Mrs. Scudaway, dashing horsewoman and exponent of the free rein, was repeating the latest story concerning an intimate friend of every one present--and, consequently, absent.
"She's just sailed for Europe, and that good-looking actor friend of the family happened to go on the same steamer," she was saying with a joyous smile.
"Accidents will happen," remarked some one, benevolently.
"Where's her husband? I haven't seen him with her in months," came from one of the men.
"Oh, they have two children, you know," explained Mrs. Scudaway.
"Delicate, I hear," said Miss Ratliff.
"Naturally; he nurses them," said Mrs. Scudaway, blowing smoke half- way across the room through her delicate nostrils.
"I say, Mrs. Scudaway," cried the rapt bore, "don't you ever do anything but inhale?"
"Yes, I exhale occasionally. No, thanks," as he held forth an ash tray. Then she flecked the ashes into the fireplace, ten feet away.
"Good Lord, it's a rotten night!" repeated the big man, returning dismally from a visit to the window. "There's a beastly fog mixed in with the rain."

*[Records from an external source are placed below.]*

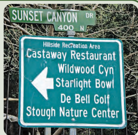
Hillside Recreation Area Sign

Wildwood Canyon Park, 1701 Wildwood Canyon Drive, Burbank, CA 91501 PHONE: (818) 238-5440
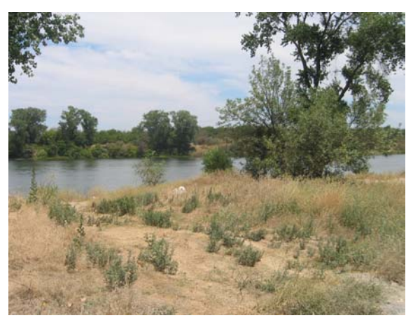
The creation and preservation of parks and open space are a key component of the General Plan.

their weekend days (and spend their weekend dollars). Coupled with the proposed Feather River Park, the overall park system in Yuba City will be significantly improved.
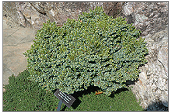
Pimoko Spruce
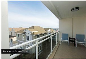
DECK WITH OCEAN VIEWS
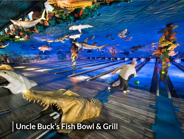
Uncle Buck's Fish Bowl & Grill
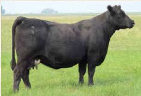
COLE Miss Windfall 185Y - Dam of Lot 1
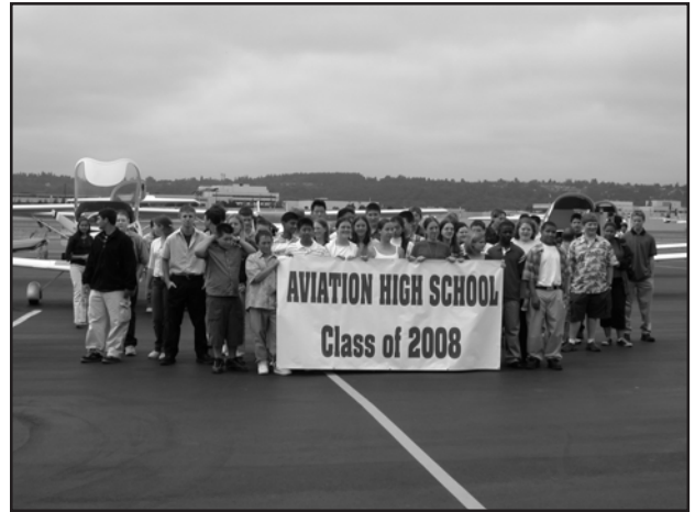
Aviation High School's first freshman class celebrates the opening of the school at Boeing Field on July 1.

The school is already generating publicity with an article in the June 7 edition of the King County Journal. Go to http://www.kingcountyjournal.com/sited/story/html/165679 to read the entire article.
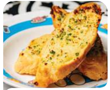
GARLIC BREAD WITH HERBS 180 Grilled bread with garlic butter and herb
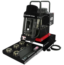
Crimper shown mounted on the die storage drawer.
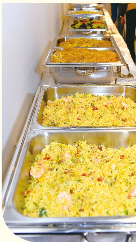
March 10, 2018, Chinese Fellowship Gathering, Wong Chuk Hang 2018年3月10日，黃竹坑聯歡聚會 (中文部)
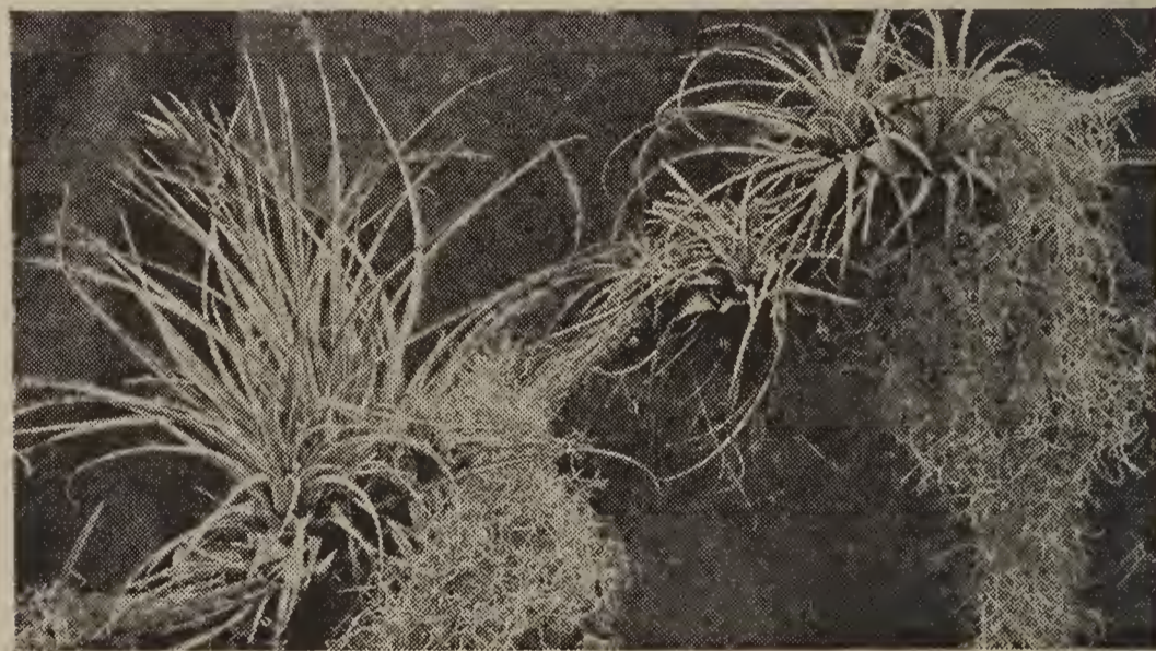
Fig. 54—Air Pines and Spanish Moss growing on a limb of a Cypress Tree.

WATER HYACINTH Piaropus crassipes . A beautiful floating water plant with bright blue flowers borne in hyacinth like spikes. One of the very best water garden plants. Small, 15c; Med. 25c; Large, 50c.
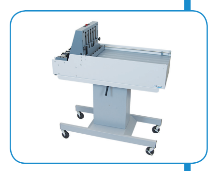
Optional V-Stack36i Vertical Stacker with adjustable-height stand

Formax - New Hampshire, USA www.formax.com
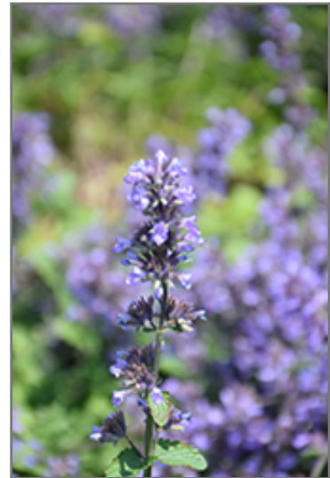
Cat's Pajamas Catmint flowers
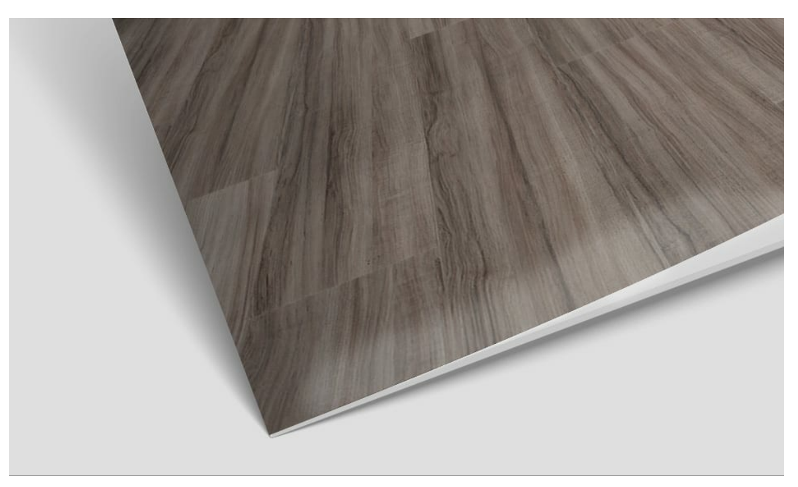
signature ii brochure
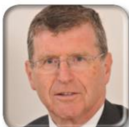
INNOVATION IS VITAL

"Better blow the fog horn for Henderson," said Ratliff, with a jerk of his thumb. "He's half seas over already and shipping a lot of water." Henderson, the convivial member, was on his third siphon.
"I don't care a whoop what McAlpine says," roared an irascible gentleman on the opposite side of the fireplace; "a man ought to use a midiron when he gets that kind of a lie. Nobody but an ass would take a brassie. He's---"
"Just listen to that blethering idiot," said young Rolfe to the lady beside him. "He ought to be choked."
"I like the way you speak of my husband," she responded gaily.
"Oh, I forgot. He is your husband, isn't he?" Then, after a moment's easy contemplation of the pretty young woman and a scornful glance at the golfer: "Lucky, but a very poor watchdog."
"He barks beautifully," resented the young wife, with a loyal grimace.
"That's why you're not afraid of him," he said quickly.
"Don't you think he'd bite?"
"They never do."
"Well, you just try him, that's all," remarked the young wife coldly, rising and moving away, a touch of red in her cheeks.
"I will," he sang out genially, as he crossed his legs and stretched his feet out to the fire. She looked back with a mirthless smile on her lips.
The man at the piano struck up the insidious "La Mattchiche," suggestive of the Bal Tabarin and other Fourteenth of July devotions.
"Don't play that, Barkley," complained the big man, as every one began beating time to the fascinating air. "I'm trying to forget Paris."
"Can you ever forget that night in Maxim's---" began Mrs. Scudaway.
"I recall the next day more vividly," he interrupted.